GOAL OF THE EXERCISE —
Starting at the line below with "12 Campbell Hausfeld" and stopping at the line with "Углубленный уровень Вентана-граф", please print each line exactly, those two included, and skip every picture.
TASK INPUTS below:
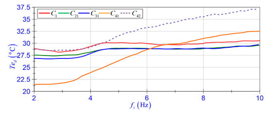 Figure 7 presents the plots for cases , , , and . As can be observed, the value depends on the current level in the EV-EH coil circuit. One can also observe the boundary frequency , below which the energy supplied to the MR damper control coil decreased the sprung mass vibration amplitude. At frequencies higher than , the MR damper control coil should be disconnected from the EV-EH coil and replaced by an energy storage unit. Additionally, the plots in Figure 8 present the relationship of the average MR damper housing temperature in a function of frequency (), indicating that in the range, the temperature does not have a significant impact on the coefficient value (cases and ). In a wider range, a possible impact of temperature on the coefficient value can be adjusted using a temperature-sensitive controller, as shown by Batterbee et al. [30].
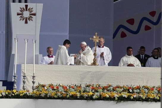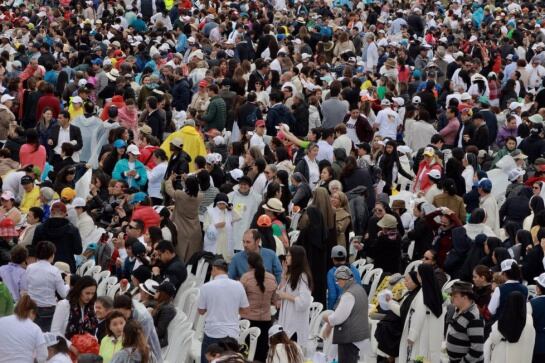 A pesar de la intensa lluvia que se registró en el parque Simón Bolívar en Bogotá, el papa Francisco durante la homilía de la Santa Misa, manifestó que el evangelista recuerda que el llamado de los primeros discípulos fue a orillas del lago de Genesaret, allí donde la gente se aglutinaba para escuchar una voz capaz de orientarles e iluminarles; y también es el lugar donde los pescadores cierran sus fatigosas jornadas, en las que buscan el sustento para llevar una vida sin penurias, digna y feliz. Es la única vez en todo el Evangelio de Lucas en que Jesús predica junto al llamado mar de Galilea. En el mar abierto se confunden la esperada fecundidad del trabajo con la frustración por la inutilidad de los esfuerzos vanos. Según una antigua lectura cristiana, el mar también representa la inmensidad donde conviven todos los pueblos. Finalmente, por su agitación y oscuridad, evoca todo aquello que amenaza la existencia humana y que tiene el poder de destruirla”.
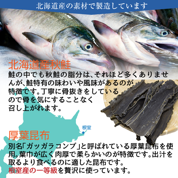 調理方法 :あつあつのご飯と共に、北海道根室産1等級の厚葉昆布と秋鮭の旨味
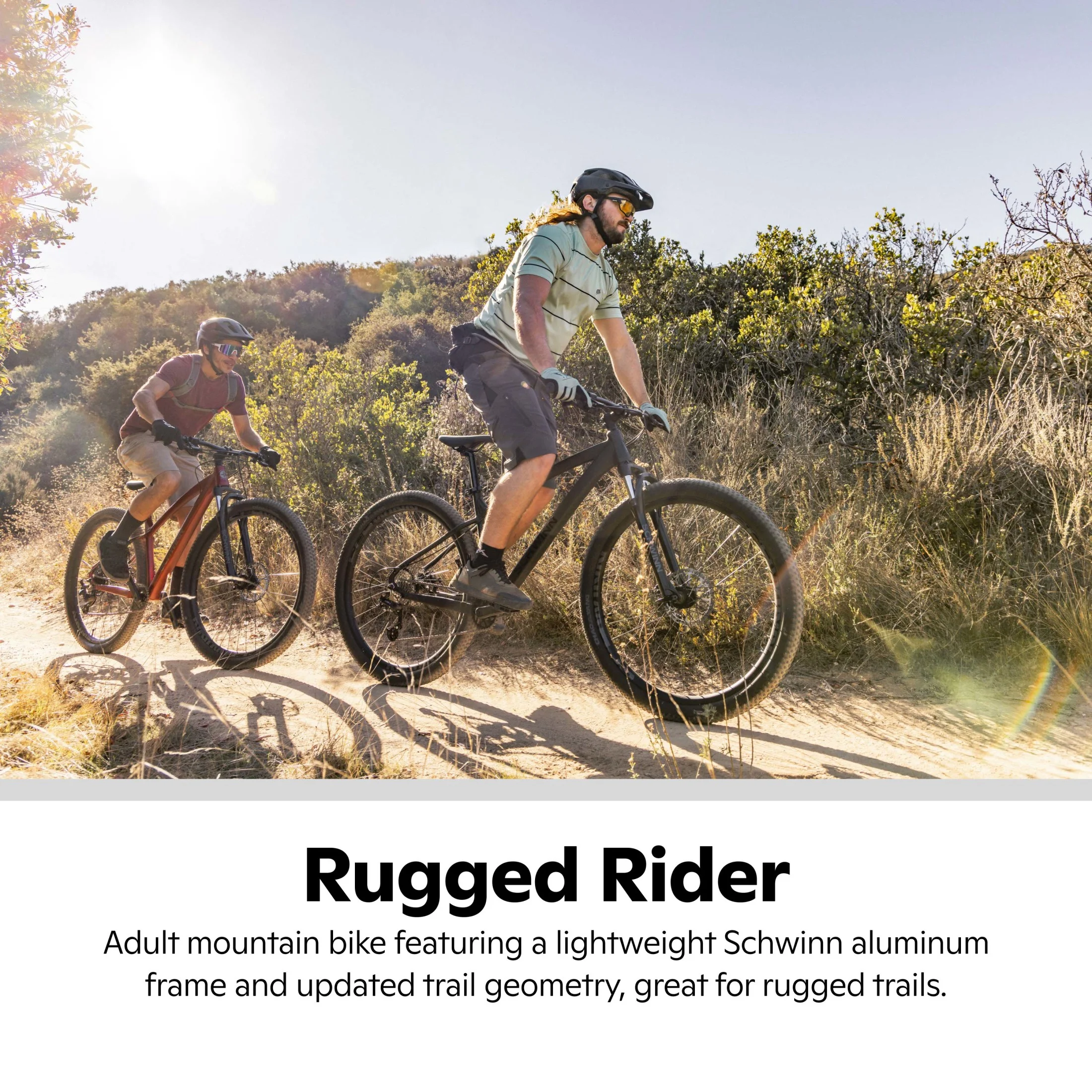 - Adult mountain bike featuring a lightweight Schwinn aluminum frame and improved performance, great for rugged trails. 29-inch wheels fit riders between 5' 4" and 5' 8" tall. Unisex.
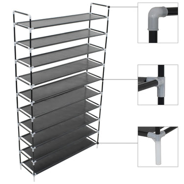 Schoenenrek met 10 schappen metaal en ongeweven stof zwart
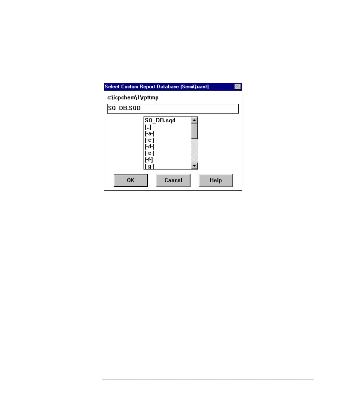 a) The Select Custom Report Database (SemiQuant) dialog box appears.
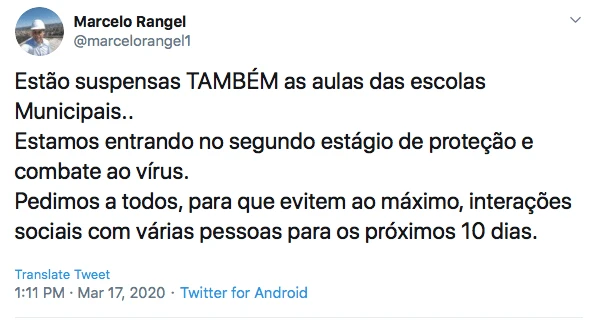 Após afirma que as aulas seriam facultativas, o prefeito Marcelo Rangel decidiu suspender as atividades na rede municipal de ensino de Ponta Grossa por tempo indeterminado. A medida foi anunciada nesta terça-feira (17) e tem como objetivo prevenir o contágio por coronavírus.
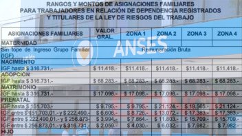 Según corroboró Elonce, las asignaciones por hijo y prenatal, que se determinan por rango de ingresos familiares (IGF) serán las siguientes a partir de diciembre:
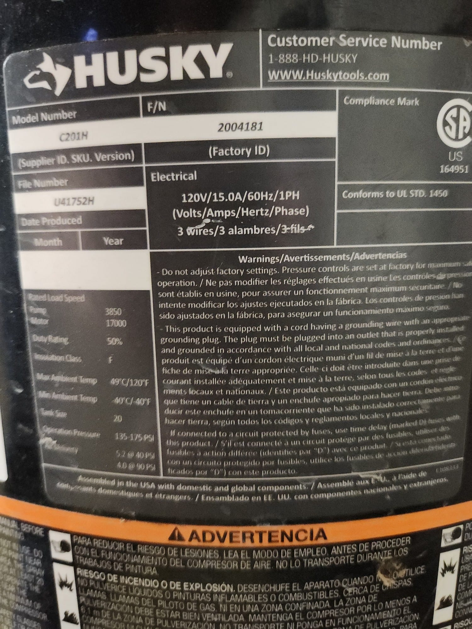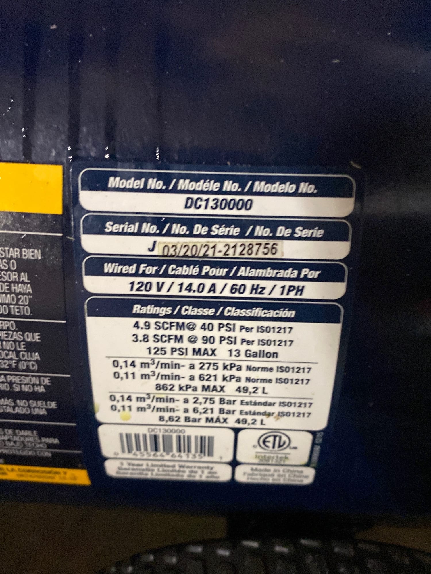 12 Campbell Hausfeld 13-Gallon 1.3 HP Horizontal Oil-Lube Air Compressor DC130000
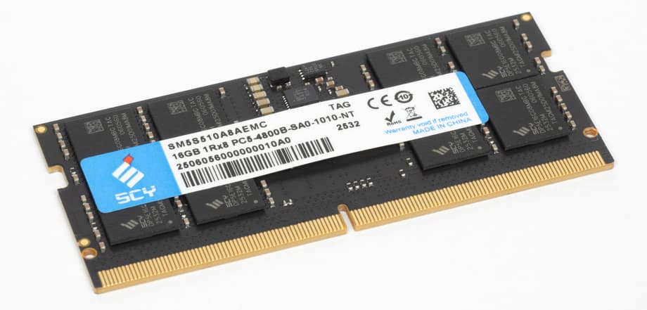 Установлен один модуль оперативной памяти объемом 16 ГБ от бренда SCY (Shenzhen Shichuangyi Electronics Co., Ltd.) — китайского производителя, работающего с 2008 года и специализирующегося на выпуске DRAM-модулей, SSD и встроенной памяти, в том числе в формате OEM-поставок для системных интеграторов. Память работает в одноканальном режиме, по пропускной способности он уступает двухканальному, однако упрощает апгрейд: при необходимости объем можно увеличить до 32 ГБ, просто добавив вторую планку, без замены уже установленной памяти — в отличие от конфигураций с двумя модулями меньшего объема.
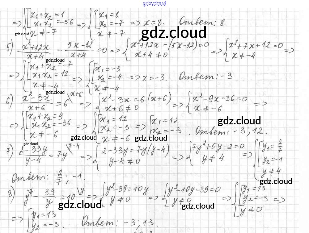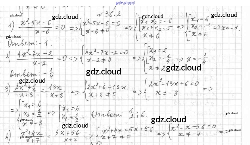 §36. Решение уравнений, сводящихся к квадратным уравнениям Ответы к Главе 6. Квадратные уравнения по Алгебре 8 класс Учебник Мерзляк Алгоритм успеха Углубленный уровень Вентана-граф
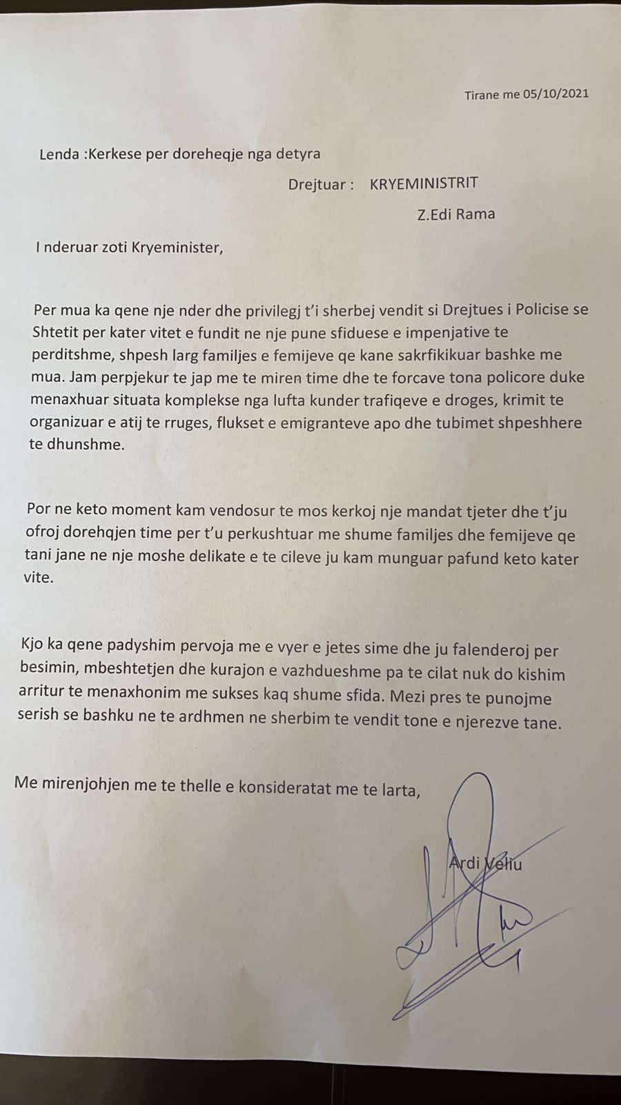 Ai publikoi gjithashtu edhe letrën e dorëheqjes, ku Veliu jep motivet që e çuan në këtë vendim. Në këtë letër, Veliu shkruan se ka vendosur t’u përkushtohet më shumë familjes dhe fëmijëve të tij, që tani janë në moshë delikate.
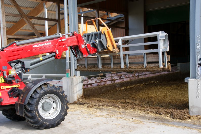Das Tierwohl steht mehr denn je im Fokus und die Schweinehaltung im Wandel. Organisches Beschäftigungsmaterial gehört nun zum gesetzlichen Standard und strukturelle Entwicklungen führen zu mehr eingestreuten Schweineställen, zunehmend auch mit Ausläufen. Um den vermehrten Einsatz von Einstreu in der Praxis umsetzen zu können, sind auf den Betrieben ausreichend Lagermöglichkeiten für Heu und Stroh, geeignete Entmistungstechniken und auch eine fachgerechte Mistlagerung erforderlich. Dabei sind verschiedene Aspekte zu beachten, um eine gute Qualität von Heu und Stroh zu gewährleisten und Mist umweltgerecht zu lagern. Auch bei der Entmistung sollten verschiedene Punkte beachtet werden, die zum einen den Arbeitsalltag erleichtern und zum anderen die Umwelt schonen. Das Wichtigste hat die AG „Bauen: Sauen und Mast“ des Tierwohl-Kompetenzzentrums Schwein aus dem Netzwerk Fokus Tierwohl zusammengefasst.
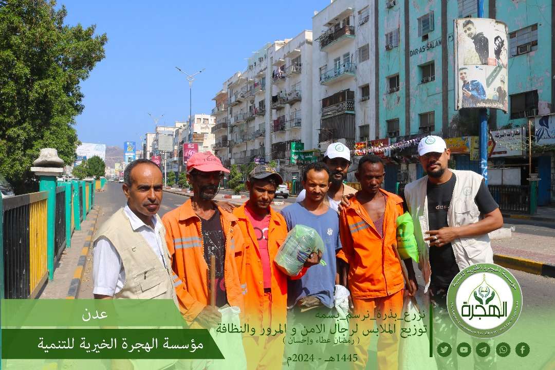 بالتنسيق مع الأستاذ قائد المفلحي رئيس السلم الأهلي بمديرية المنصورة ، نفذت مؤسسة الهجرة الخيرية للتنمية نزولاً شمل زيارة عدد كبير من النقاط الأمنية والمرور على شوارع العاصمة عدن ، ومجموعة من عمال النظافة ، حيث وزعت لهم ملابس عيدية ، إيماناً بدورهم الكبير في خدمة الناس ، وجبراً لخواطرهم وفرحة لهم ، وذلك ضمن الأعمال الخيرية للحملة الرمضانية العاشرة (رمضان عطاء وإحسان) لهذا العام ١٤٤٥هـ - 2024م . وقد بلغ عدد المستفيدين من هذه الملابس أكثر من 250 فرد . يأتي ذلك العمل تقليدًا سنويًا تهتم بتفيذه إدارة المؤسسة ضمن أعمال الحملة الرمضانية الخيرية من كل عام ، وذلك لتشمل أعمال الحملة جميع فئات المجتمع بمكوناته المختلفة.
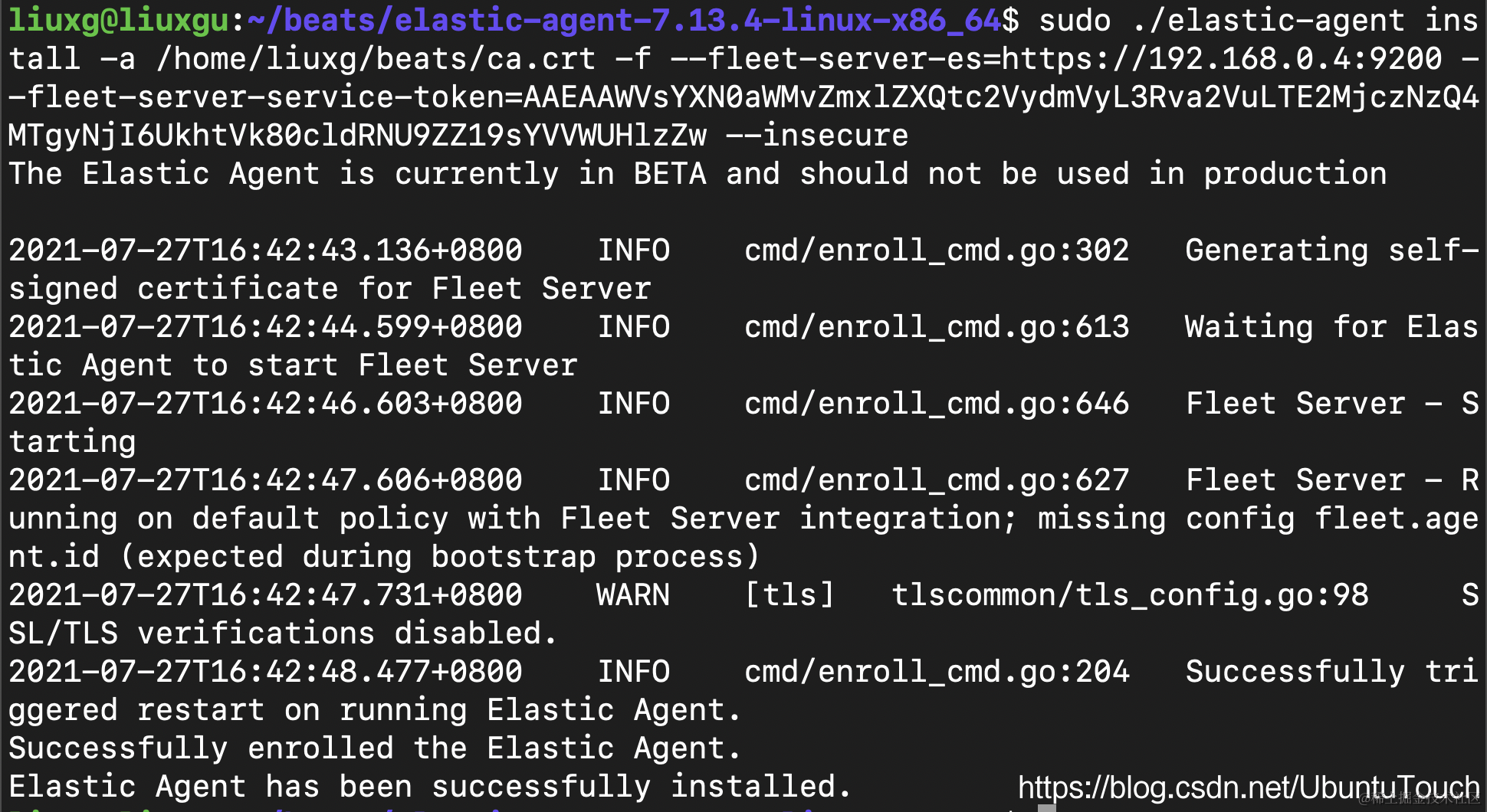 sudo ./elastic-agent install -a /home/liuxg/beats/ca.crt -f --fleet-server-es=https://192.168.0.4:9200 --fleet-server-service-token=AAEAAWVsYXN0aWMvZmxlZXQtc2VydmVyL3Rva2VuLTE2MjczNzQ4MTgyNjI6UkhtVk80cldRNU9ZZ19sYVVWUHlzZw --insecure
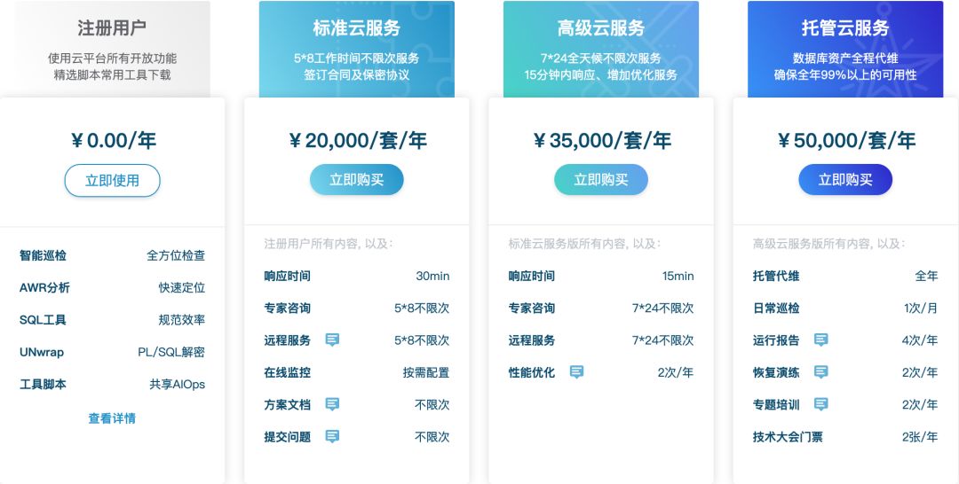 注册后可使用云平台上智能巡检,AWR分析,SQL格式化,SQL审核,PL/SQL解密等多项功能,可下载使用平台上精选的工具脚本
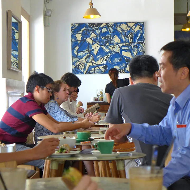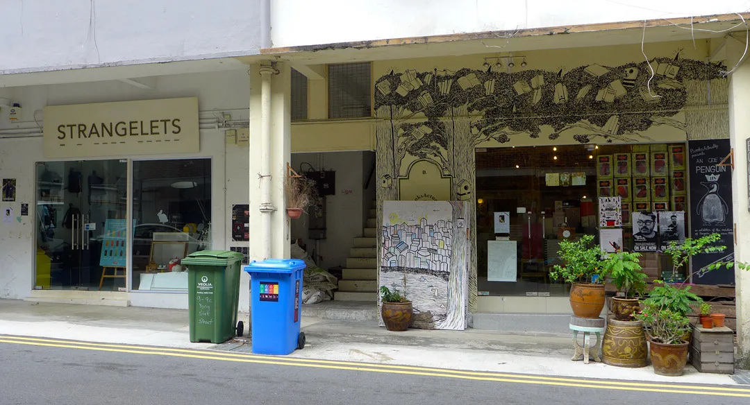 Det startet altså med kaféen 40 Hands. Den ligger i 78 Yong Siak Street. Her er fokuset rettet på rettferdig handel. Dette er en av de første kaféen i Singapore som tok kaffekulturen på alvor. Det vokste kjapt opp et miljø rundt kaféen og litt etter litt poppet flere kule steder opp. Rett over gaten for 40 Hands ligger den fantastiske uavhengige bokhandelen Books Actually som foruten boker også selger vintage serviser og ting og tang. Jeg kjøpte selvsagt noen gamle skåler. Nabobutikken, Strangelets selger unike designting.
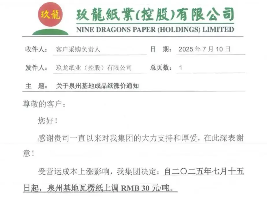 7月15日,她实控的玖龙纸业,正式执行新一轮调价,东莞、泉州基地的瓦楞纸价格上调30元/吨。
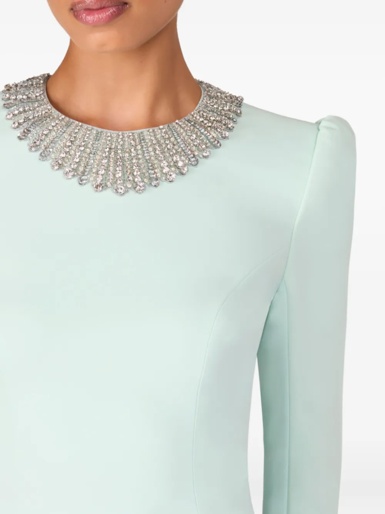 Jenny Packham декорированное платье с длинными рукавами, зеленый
End of TASK INPUTS.
FINISHED EXERCISE —
 12 Campbell Hausfeld 13-Gallon 1.3 HP Horizontal Oil-Lube Air Compressor DC130000
 Установлен один модуль оперативной памяти объемом 16 ГБ от бренда SCY (Shenzhen Shichuangyi Electronics Co., Ltd.) — китайского производителя, работающего с 2008 года и специализирующегося на выпуске DRAM-модулей, SSD и встроенной памяти, в том числе в формате OEM-поставок для системных интеграторов. Память работает в одноканальном режиме, по пропускной способности он уступает двухканальному, однако упрощает апгрейд: при необходимости объем можно увеличить до 32 ГБ, просто добавив вторую планку, без замены уже установленной памяти — в отличие от конфигураций с двумя модулями меньшего объема.
 §36. Решение уравнений, сводящихся к квадратным уравнениям Ответы к Главе 6. Квадратные уравнения по Алгебре 8 класс Учебник Мерзляк Алгоритм успеха Углубленный уровень Вентана-граф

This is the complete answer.